Differences observed between the two origins of E. coli, faeces from diarrheic calves or intestinal content or organs from necropsied calves, may be linked to the hypothesis that, most of the time, the necropsied calves were treated with antibiotics before death. Especially since, due to their economic value as meat calves, preventive treatment is often used when there are problems on the farm. The higher frequency of AmpC and AmpC-like resistance profiles may, therefore, be linked, under the previous hypothesis, to the preventive use of some β-lactam or other antibiotics with associated resistance of the type previously discussed. In addition, the almost systematic use of antibiotics when performing caesarean sections without a defined protocol [25] could also influence the resistance observed in beef calves. In dairy production, the intra-mammary use of β-lactams is also very frequent during mastitis or when drying off [26]. They are, moreover, the most widely used antibiotics in Belgium [21] and residues of these antibiotics can be found in milk, which, if given, even pasteurised, to calves will influence the resistance rate of E. coli [27]. Further analyses will be necessary to improve the understanding of this link between resistance and antibiotic utilisation.

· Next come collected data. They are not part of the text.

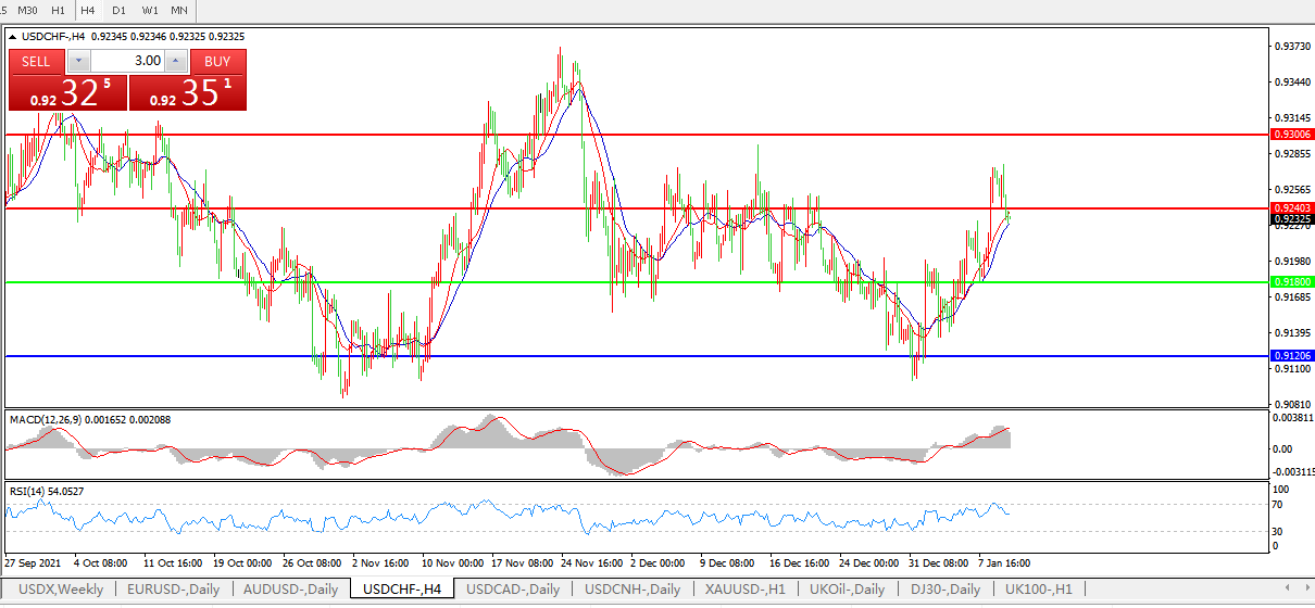 美元兑瑞郎USDCHF 4小时图: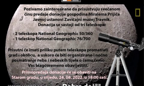 Promatranje grada i okolice teleskopima! Stari grad, srijeda, 24. 08. 2022. u 18:00 sati. Ako ste zainteresovani uključiti se u rad Muzejske astronomske radionice i istraživati nebo i nebeska tijela, možete se prijaviti na telefonski broj 030 518 140. Uskoro počinjemo sa radom.
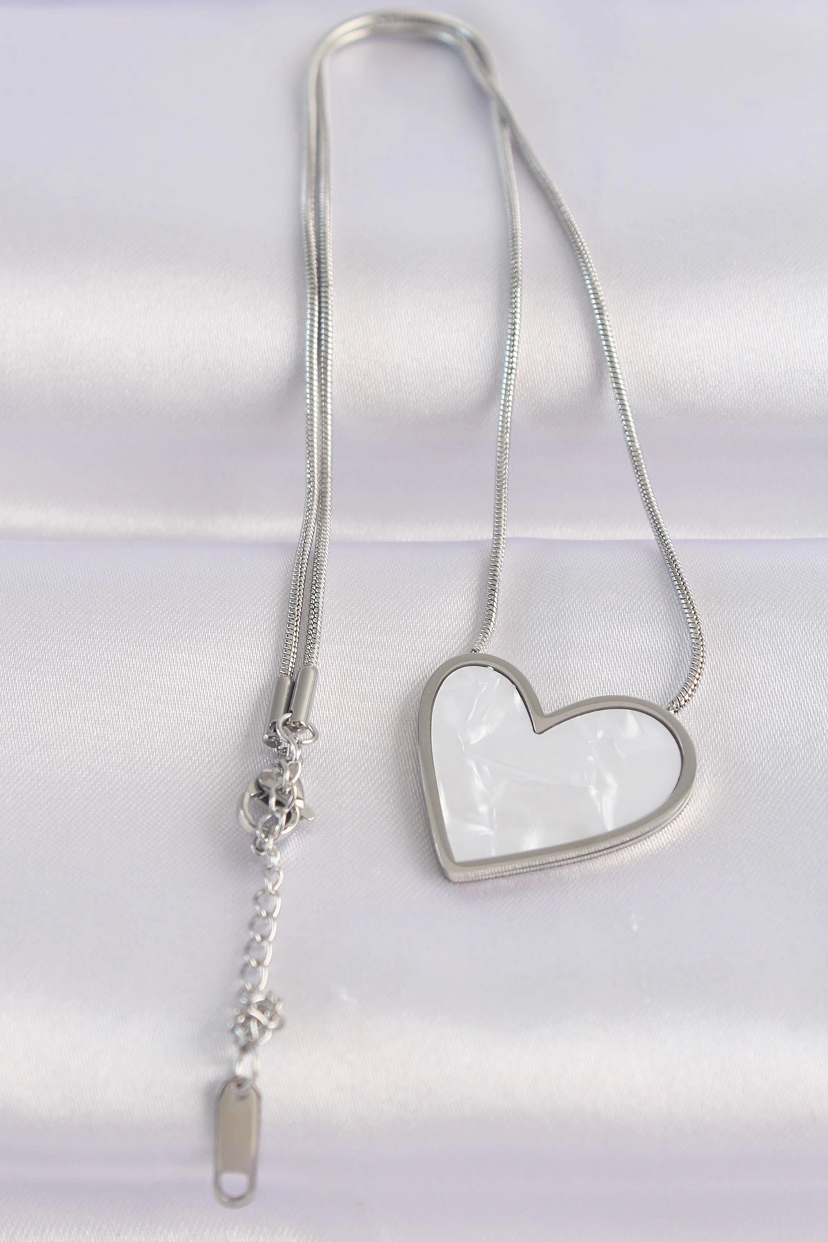 Mey İthalat® 316L Çelik Zincir Gümüş Renk Mermer Desenli Kalp Kolye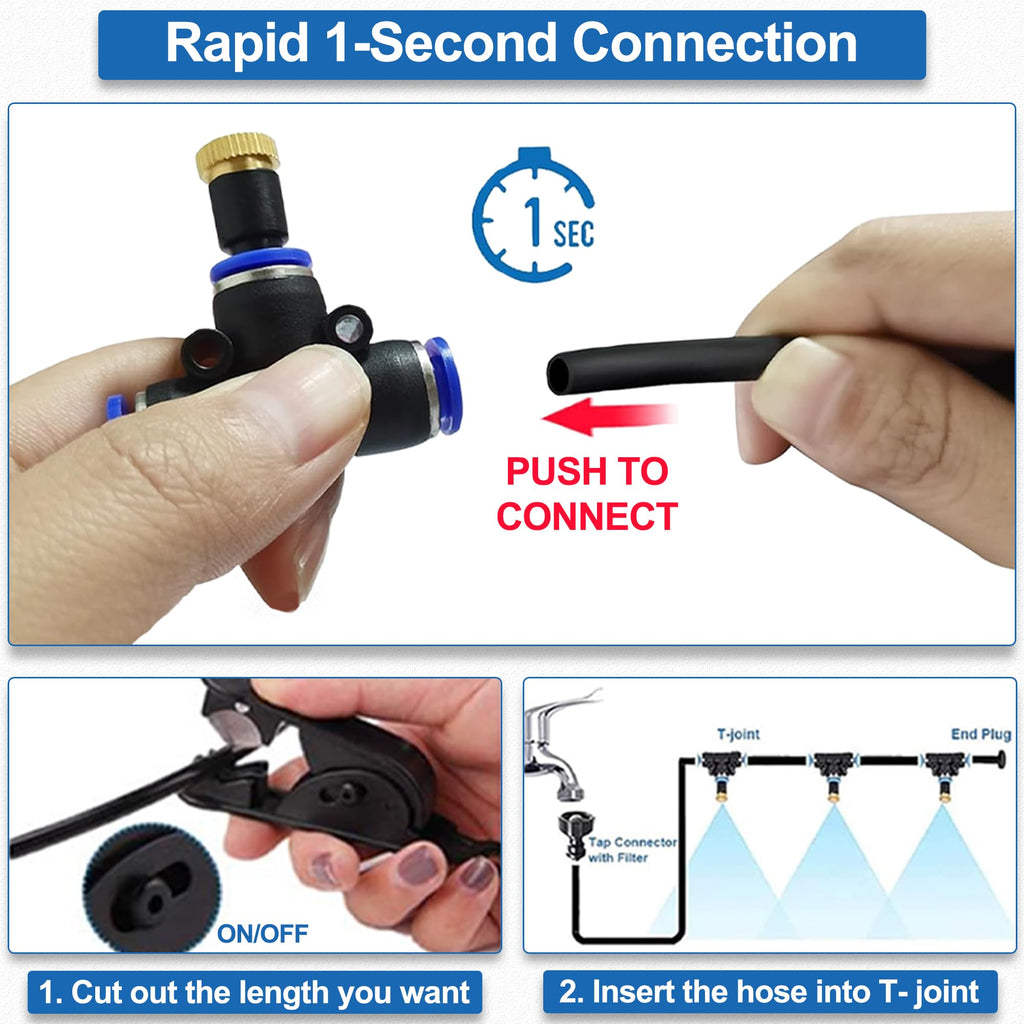 Easy to Install - Rapid 1-Second Push-to-Connect Fittings: No glue or complex parts needed. Just push the tubing into the fittings for a secure, leak-proof seal, and use the included saddle clamps and zip ties to mount it anywhere—fences, ceilings, railings, or string lights.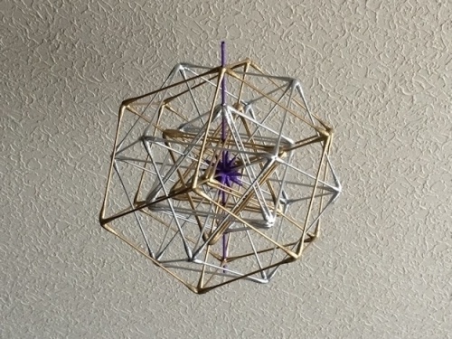 ・・・ 地球開星 ・・・そして、新しい宇宙時代の到来を象徴する形代としてこの造形は生まれた。※関連記事・2014年06月11日 《古くて新しい「統合」へ・・・》⇒リンク造形の内訳は、銀色の構成が「シリウス(6次元)」、そして金色の構成が「アルクトゥルス(7次元)」を象徴しており、この二つの星の象徴が紫色の「中心軸」に統合されて「ひとつ」となっている。それはまるで、日本神話の伝える・・・「潮干珠」と「潮満珠」が和合した「如意宝珠」・・・の印象があったので、『 た か ら 』と命名した。 今まで具現化できそうで叶わなかった造形『 た か ら 』は、いよいよこの6月9日に完成した。この『 た か ら 』は、物事の二元性・・・例えば「陰と陽」・「内部と外部」・「前側と後側」などを、視覚的に「ひとつ」として全体把握することができ、あるいは作品を実際に手で触れて体感する行為を通じて【本当の自分】に気づいていく、その「手懸かり」となれば嬉しい限りである。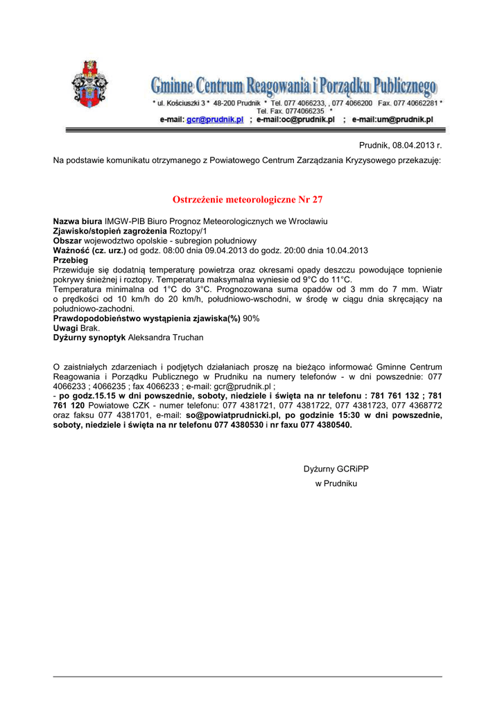 Prudnik, 08.04.2013 r. Na podstawie komunikatu otrzymanego z Powiatowego Centrum Zarządzania Kryzysowego przekazuję: Ostrzeżenie meteorologiczne Nr 27 Nazwa biura IMGW-PIB Biuro Prognoz Meteorologicznych we Wrocławiu Zjawisko/stopień zagrożenia Roztopy/1 Obszar wojewodztwo opolskie - subregion południowy Ważność (cz. urz.) od godz. 08:00 dnia 09.04.2013 do godz. 20:00 dnia 10.04.2013 Przebieg Przewiduje się dodatnią temperaturę powietrza oraz okresami opady deszczu powodujące topnienie pokrywy śnieżnej i roztopy. Temperatura maksymalna wyniesie od 9°C do 11°C. Temperatura minimalna od 1°C do 3°C. Prognozowana suma opadów od 3 mm do 7 mm. Wiatr o prędkości od 10 km/h do 20 km/h, południowo-wschodni, w środę w ciągu dnia skręcający na południowo-zachodni. Prawdopodobieństwo wystąpienia zjawiska(%) 90% Uwagi Brak. Dyżurny synoptyk Aleksandra Truchan O zaistniałych zdarzeniach i podjętych działaniach proszę na bieżąco informować Gminne Centrum Reagowania i Porządku Publicznego w Prudniku na numery telefonów - w dni powszednie: 077 4066233 ; 4066235 ; fax 4066233 ; e-mail: [email protected] ; - po godz.15.15 w dni powszednie, soboty, niedziele i święta na nr telefonu : 781 761 132 ; 781 761 120 Powiatowe CZK - numer telefonu: 077 4381721, 077 4381722, 077 4381723, 077 4368772 oraz faksu 077 4381701, e-mail: [email protected], po godzinie 15:30 w dni powszednie, soboty, niedziele i święta na nr telefonu 077 4380530 i nr faxu 077 4380540. Dyżurny GCRiPP w Prudniku
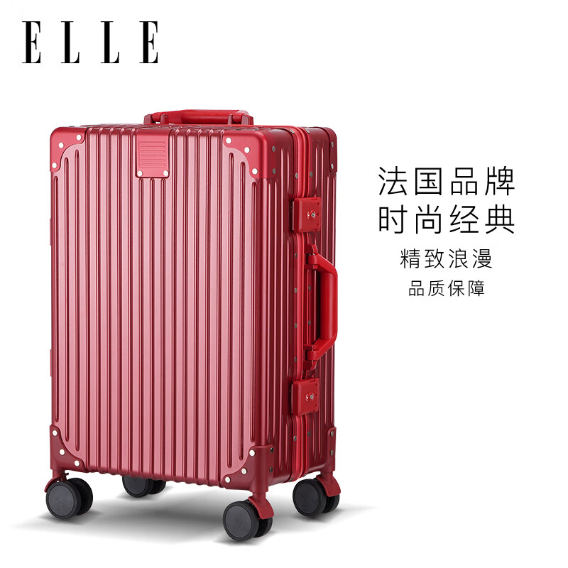 ELLE法国品牌行李箱红色26英寸铝框时尚拉杆箱大容量女士结婚密码箱价格:489.00元!

The use of β-lactam antibiotics is widely spread and penicillins are the most used β-lactams, either in human [28] or in veterinary medicine [29]. This study confirms that compulsory regulation leading to a decrease in the use of 3 GC/4 GC is associated with a decrease in the associated resistances. Although, beyond the scope of this study, this observation raises the question of whether this type of regulation should also be applied to human medicine at the national level in the One Health context [30].
To conclude, the major finding of this study was the positive effect of the Royal Decree on the level of resistance to 3 GC and 4 GC, with an inversion of the curve. However, some resistance profiles presented an increase. To understand the consequences of the Royal Decree more precisely in the long term, it will be necessary to continue this surveillance in the future.
Author Contributions
V.G. analysed the data and wrote the manuscript. A.F. performed statistical analysis, wrote part of the manuscript, and drew the figures. D.T. helped to analyse results and corrected the manuscript. F.C., P.S.M. and M.G. corrected the manuscript and discussed the results. J.M. contributed a part and corrected the manuscript. M.S. provided the original data for analysis, discussed the results, and corrected the manuscript. All authors have read and agreed to the published version of the manuscript.
Funding
This work was supported by the Belgian Federal Public Service Health, Food Chain Safety and Environment (grant number RF 17/6317 RU-BLA-ESBL-CPE).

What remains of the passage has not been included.